Nori Classic There’s so many choices to create amazing flavor combinations! For us, a spicy-tangy combo has become our favorite. A natural sweetness comes from the sprinkles, and Juniper Balsamic Vinegar. Another plus: these rolls are soft enough to chew right away, and they slice easily with a good knife, keeping their shape. It took us a long time to find the right way to make nori rolls that weren’t soggy, tough and chewy, or too dry to chew!

Over the weeks we’ve tried lots of different fillings, yet keep coming back to the ingredients listed below—hence the name, Nori Classic. Make sure you have everything assembled and ready to go before starting to roll, because once the lime juice is squeezed on the nori sheet it begins to curl up at the ends. Make them quickly for best results. An easy way to do this is to put everything in a bowl, mix well, and then heap this on each nori sheet.

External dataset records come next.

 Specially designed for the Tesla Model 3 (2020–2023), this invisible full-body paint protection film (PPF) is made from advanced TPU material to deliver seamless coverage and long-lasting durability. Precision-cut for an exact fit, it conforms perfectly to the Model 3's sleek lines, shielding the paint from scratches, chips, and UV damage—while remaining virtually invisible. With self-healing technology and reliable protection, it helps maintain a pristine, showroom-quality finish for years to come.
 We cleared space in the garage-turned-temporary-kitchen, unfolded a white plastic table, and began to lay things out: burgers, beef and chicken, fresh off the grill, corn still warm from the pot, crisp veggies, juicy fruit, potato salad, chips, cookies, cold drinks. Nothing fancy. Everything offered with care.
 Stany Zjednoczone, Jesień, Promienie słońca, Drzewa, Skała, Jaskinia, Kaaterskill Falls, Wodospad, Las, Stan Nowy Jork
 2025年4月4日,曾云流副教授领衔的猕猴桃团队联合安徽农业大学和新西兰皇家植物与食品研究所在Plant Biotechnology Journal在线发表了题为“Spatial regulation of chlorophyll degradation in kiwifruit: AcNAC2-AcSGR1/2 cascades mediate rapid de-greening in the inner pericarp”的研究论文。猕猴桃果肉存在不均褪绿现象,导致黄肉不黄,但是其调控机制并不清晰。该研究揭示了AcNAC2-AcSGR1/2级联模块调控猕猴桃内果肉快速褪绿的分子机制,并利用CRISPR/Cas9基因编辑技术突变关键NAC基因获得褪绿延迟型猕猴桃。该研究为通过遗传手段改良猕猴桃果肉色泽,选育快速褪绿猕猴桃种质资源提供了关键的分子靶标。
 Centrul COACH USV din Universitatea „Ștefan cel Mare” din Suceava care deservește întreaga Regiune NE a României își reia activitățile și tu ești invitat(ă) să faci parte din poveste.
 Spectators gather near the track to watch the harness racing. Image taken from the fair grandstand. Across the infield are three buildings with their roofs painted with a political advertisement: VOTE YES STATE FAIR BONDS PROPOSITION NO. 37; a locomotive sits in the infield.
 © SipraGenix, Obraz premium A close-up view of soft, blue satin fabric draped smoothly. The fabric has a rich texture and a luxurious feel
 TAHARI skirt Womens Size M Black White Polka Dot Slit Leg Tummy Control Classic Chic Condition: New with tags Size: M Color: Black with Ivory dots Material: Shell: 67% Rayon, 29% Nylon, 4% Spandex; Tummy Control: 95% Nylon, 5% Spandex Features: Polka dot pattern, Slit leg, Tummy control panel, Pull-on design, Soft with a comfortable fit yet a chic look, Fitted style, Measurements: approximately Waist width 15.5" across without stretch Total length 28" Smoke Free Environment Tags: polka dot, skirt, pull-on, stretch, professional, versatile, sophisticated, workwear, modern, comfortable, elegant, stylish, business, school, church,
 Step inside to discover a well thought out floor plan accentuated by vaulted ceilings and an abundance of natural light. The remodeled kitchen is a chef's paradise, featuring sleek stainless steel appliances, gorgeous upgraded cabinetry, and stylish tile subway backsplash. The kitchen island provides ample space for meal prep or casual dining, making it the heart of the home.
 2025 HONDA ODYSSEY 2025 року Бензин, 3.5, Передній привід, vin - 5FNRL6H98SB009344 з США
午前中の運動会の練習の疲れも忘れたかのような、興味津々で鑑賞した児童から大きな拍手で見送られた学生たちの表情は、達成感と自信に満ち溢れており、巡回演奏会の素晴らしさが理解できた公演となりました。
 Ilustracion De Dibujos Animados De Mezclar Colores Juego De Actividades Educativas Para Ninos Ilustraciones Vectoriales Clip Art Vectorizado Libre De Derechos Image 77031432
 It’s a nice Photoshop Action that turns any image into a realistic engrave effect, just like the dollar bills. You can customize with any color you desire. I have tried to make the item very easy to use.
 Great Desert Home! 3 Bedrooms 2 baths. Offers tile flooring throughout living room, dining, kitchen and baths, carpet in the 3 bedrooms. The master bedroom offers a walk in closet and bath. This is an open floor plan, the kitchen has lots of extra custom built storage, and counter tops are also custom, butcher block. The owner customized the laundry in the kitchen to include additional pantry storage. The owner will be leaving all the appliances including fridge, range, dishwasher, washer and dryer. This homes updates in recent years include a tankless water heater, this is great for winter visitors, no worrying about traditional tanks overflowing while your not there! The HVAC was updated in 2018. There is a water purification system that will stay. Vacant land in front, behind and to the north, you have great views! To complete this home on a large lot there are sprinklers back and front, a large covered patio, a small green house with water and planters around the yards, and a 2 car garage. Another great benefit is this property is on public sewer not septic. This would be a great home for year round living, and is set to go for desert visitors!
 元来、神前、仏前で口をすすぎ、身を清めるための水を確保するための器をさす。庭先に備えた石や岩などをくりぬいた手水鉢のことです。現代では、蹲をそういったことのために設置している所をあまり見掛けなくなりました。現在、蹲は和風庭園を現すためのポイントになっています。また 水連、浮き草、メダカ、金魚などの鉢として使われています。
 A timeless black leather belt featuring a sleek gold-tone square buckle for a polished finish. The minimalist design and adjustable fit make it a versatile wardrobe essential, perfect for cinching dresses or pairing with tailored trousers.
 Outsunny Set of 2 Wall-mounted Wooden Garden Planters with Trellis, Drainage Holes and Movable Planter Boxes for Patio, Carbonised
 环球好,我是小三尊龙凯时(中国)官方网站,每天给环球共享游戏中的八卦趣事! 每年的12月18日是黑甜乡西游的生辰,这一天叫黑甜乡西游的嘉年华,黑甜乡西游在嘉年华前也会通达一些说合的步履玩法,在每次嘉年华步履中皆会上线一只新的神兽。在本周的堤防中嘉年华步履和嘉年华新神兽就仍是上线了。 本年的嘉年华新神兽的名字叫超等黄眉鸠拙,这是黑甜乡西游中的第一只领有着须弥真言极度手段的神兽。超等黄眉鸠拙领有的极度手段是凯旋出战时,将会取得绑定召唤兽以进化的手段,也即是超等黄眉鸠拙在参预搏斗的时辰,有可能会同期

Check the photos of the process—once you get the hang of it, they go together quite fast. The images show how much of the filling we use, how to assemble them, and what the sprinkles look like too—they’re so pretty on the dark green nori sheet!

Ingredients: Serves 2
(Amounts are approximate)
2-3 nori sheets (this is a safe radiation free source)
1 cup green cabbage, super thinly sliced (use a mandoline, or a good knife)
1 cup sprouts: mung bean, lentil, alfalfa or alfalfa mixes, broccoli, or your favorite kind
1/4 cup carrots, super finely shredded
4 tablespoons green onions, thinly sliced
2-3 teaspoons ginger root, super finely shredded
1 lime

Toppings: choose which ones you would like to use
Tahini, spread on top
Sesame oil, toasted or plain
Juniper Balsamic Vinegar or additional lime, or lemon juice
Stoneground mustard
Cayenne pepper
Black pepper

Lay nori sheet on a dinner place.
Squeeze fresh lime juice on top, and spread evenly to coat whole sheet.
Lay on carrots, cabbage, ginger root, and avocado. Then add on sprouts.
Fold bottom edge up over the top of the fillings, and continue to roll using firm pressure, making roll as compact as possible.
Add toppings.
Slice with a good sharp knife, and enjoy!

To Make Sprinkles
Thinly slice red bell pepper and sweet onions.
Spread out on a Teflex sheet to dehydrate at 115 degrees for several hours. Transfer to a mesh sheet to complete drying, about 2-3 more hours.
Grind a handful of dry veggies in a coffee mill. Store leftovers in the fridge in a covered container for later use.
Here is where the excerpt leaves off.